Crésida puso su mirada en la anciana. La había reconocido. Era la misma con la que se había encontrado en ese lugar.
— Usted fue quien me salvó la vida — exclamó. — ¿Cuál es su nombre? — le preguntó luego.
— Quien soy no importa — dijo la anciana —. Vayamos a lo importante.
Luego, trazó en el suelo un círculo con sus largas y mugrosas uñas. A poca distancia del mismo círculo, trazó otro más. Luego otro más.
Una vez trazados los dos círculos, rodeó a los mismos trazando un círculo más grande que los rodeó.
— Mis hijas perdidas, mis hijas caídas — exclamó la anciana —. Han apagado sus luces, han quebrantado sus cuerpos, y han detenido sus corazones. Ahora yo las traigo de regreso de la muerte. Les abro las puertas de la vida.
Unos espectros aparecieron de la nada y se dirigieron hacia Heleno y los demás hombres. Tenían forma de esqueletos. Pero eran sombras negras.
Phylos gritó de terror.
— Eres Hécate — dijo Heleno muy sorprendido ante aquella aparición —. ¿Qué haces aquí? ¿Qué quieres?
— Vine a cumplir con lo que debí cumplir hace años — respondió la diosa.
Heleno sabía muy bien que nada bueno esperaba. Aquella diosa, era maléfica. Era la representación de todos los males y terrores de la noche.
Luego se acercó a Phylos y lo empujó hacia el lugar donde estaban trazados los círculos.
Heleno trató de detenerla, pero la fuerza de los espectros era mucho mayor.
Crésida tenía un cuchillo en sus manos.
¿De dónde lo había sacado? Ese era un misterio sin resolver.
— No le hagan daño al niño — suplicó Heleno.
— Es sangre de mirmidón, sangre de Aquiles — susurró Crésida, mientras Phylos le era acercado hasta ella.
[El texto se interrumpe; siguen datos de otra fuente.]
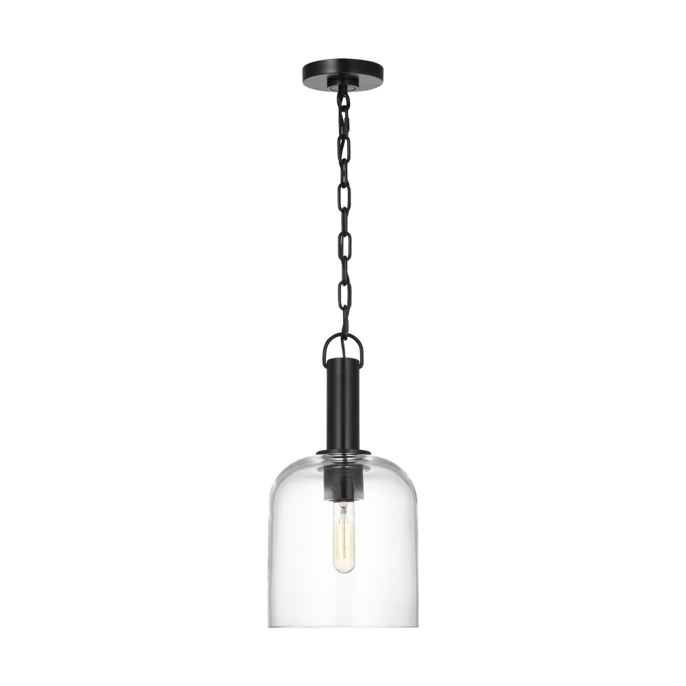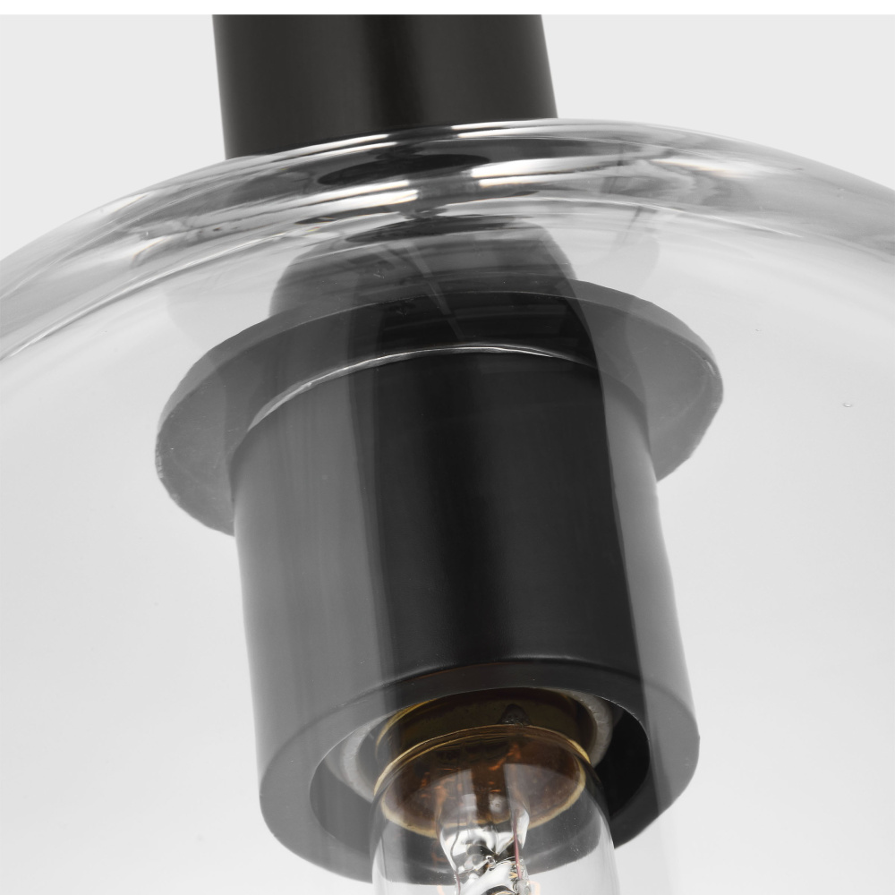Crafted with Steel in a Aged Iron finish with clear glass shade

Luego, acostó al niño entre cada círculo, y con el cuchillo empezó a perforarle el estómago.
— ¡No! — gritó Heleno.
Pero los gritos sofocantes de Phylos eran aún más desesperantes. Mientras el cuchillo de Crésida le perforaba su estómago y su pecho. La sangre comenzó a emanar y a regarse sobre la tierra profanada del Altar Mayor.
Heleno comenzó a forcejear contra los espectros que lo detenían, viendo aquella sádica y atemorizante escena del sacrificio.
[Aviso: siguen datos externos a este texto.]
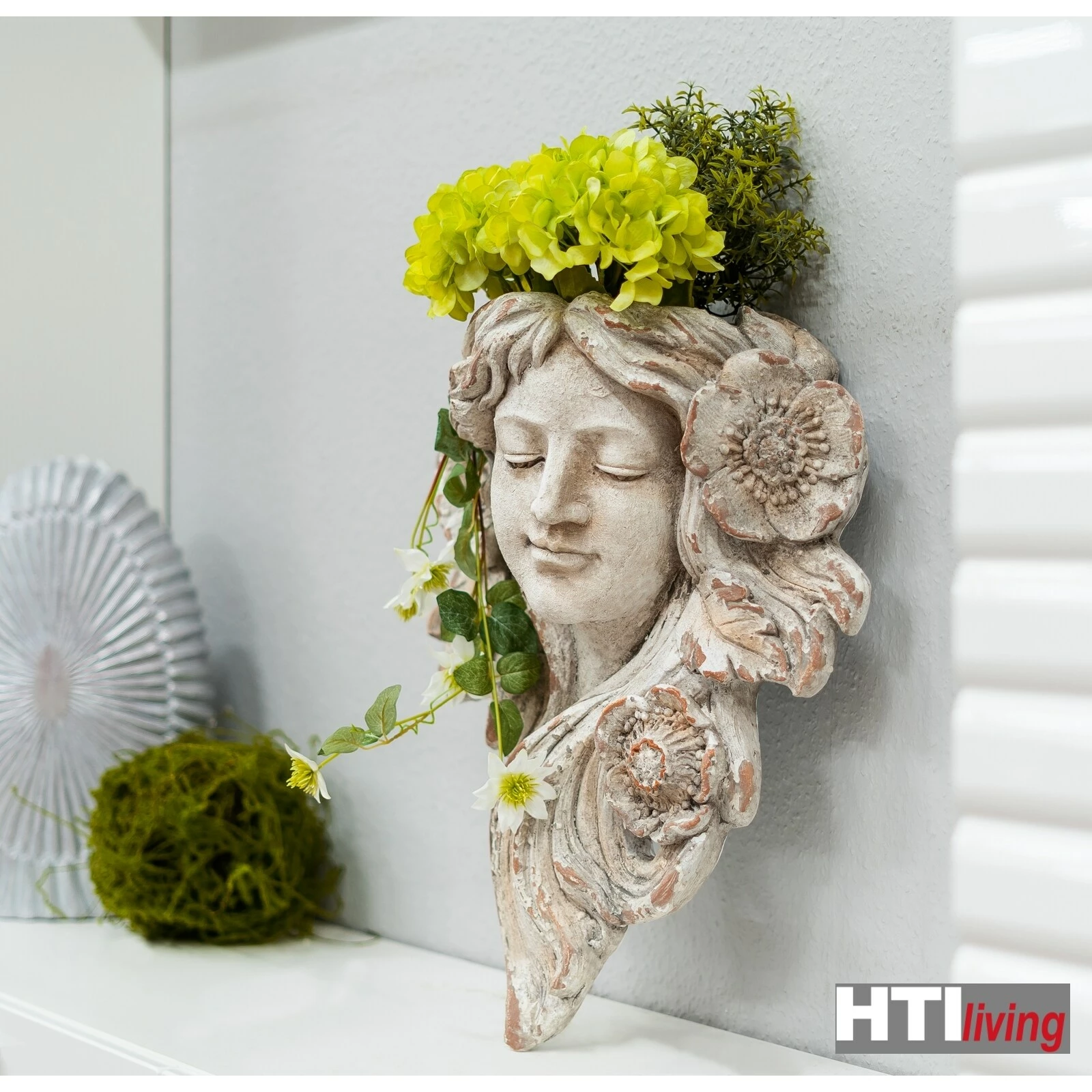 Verleihen Sie mit den Pflanzgefäßen und Wandkonsolen der Serie Apollon Ihrem Zuhause antiken Charme. Ob an griechische Gottheiten erinnernde Büsten, in Form von anatomischen und architektonischen Elementen – Ihre Pflanzen und dekorativen Wohnaccessoires werden kunstvoll in Szene gesetzt. Abnutzungs- und Gebrauchsspuren sind an diesen Artikeln gewollt und gehören zum Stil. Jeder Artikel ist ein Unikat und kann in Form und Farbe abweichen. Maße 46 x 58 x 23 cm (BxHxT)

Unas luces espectrales salieron del interior de los círculos. Se tornaron cada vez más opacas hasta tomar forma. Forma humana.
Crésida había visto muchas cosas extrañas, pero jamás algo igual a aquello.
— Vuelvan a la vida — exclamó Hécate —. Nada será como antes, pero será mejor. Nada volverá a hacerles daño.